Therefore, the constant, unwaning performance of lubrication is necessary for a reduction in these mechanical component failures. Mechanical components include nuts, bolts, bearings, and belts, components which are used extensively in internal combustion engines (ICEs). The main lubricating agent used in ICEs is grease, a semi-solid, which in this case includes both motor oil and lithium grease. These greases are combined with additives and thickeners to improve lubrication properties and enhance other desirable properties. Lithium-based greases are used to lubricate ball bearings and bearing systems, while engine oils (motor oils with additives) are used to lubricate the crankshaft, camshaft, and rocker arms of an ICE [2].  In these internal combustion systems, components and surfaces are constantly moving and sliding in contact with each other. The surface area where these components or surfaces interact is called the contact surface and is observed in multiple areas of the engine, specifically the crankcase, piston and liners and the main and rod bearings [3]. Failure in the main crankshaft bearing can lead to engine failure [3]. Efficient lubrication is thereby integral to the effectiveness and longevity of the engine. The applied lubricants must be able to function optimally in extreme conditions, as an ICE coolant operates at temperatures of approximately 195-220 degrees F (90.6-104.4 degrees C) [4]. These high operating temperatures require applicable lubricating greases to have a high dropping point.
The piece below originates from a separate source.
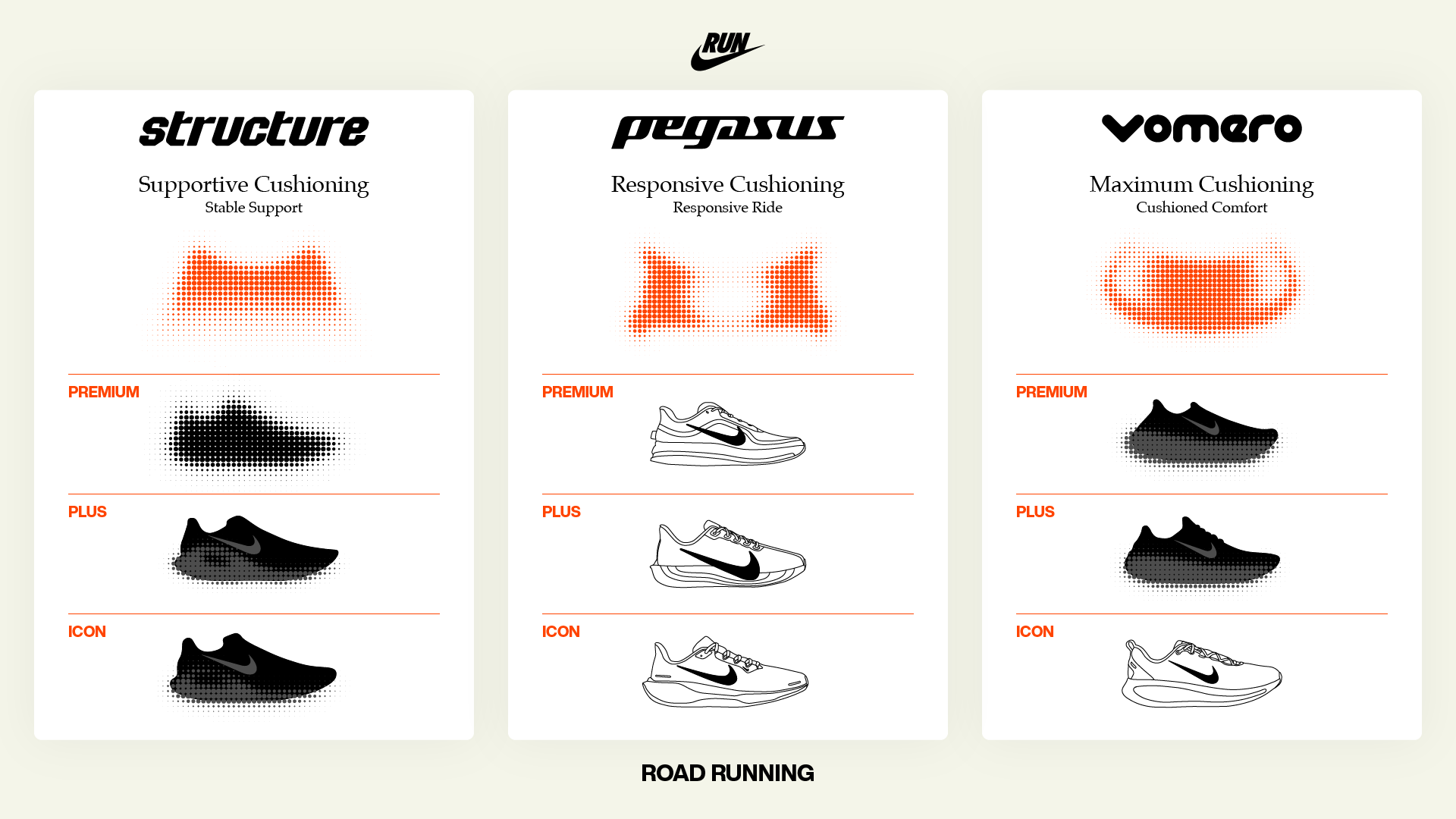 Nike tasked Accept & Proceed with designing a system that clearly showcases the three distinct cushioning types—Supportive, Responsive, and Maximum—within their key road running silhouettes: Structure, Pegasus, and Vomero.

The dropping point is an indicator of the heat resistance of grease and can be defined as the lowest temperature at which the phase of grease changes from semi-solid to liquid [5]. When this dropping point is reached, the efficiency of grease vastly decreases as the semi-solid grease loses its structure and desired viscosity [6]. Some greases can regain their original consistency when cooled, but not all greases share this property [6]. Therefore, the desired consistency and the inherent tribological properties of the original grease are lost and the altered grease may no longer be sufficient for maintaining a proper lubrication film. In short, exceeding the dropping point leads to a drastic depreciation in the quality of lubrication and the lubricant is rendered essentially useless. This newly formed product has a lower viscosity, which causes the grease to have a decreased adherence to the components of the lubricating system.
Grease is desirable for lubrication due to its high viscosity, which effectively decreases friction and generates heat at the contact surface. Viscosity is a liquid’s (or in this case, a semi-solid’s) resistance to a change in shape or movement [7]. Decreasing sliding or movement proportionally decreases the force of friction. Therefore, semi-solid grease reduces the friction force more efficiently than lower viscosity grease, which results from exceeding its dropping point. This decreased viscosity is due to an increase in the movement of adjacent oil layers caused by a lack of structure, which is lost above a grease’s dropping point [5]. These reduced tribological behaviors lead to reduced lubricating ability and increased wear on the contact surfaces; in other words, the deformation and removal of material caused by rolling or sliding.  a process that involves the interactions between surfaces and the removal and deformation of material caused by rolling or sliding [8]. This wear causes a decrease in the longevity of the contact surfaces. The dropping point is therefore fundamental to both the performance of the grease and the longevity of the surfaces to which it is applied.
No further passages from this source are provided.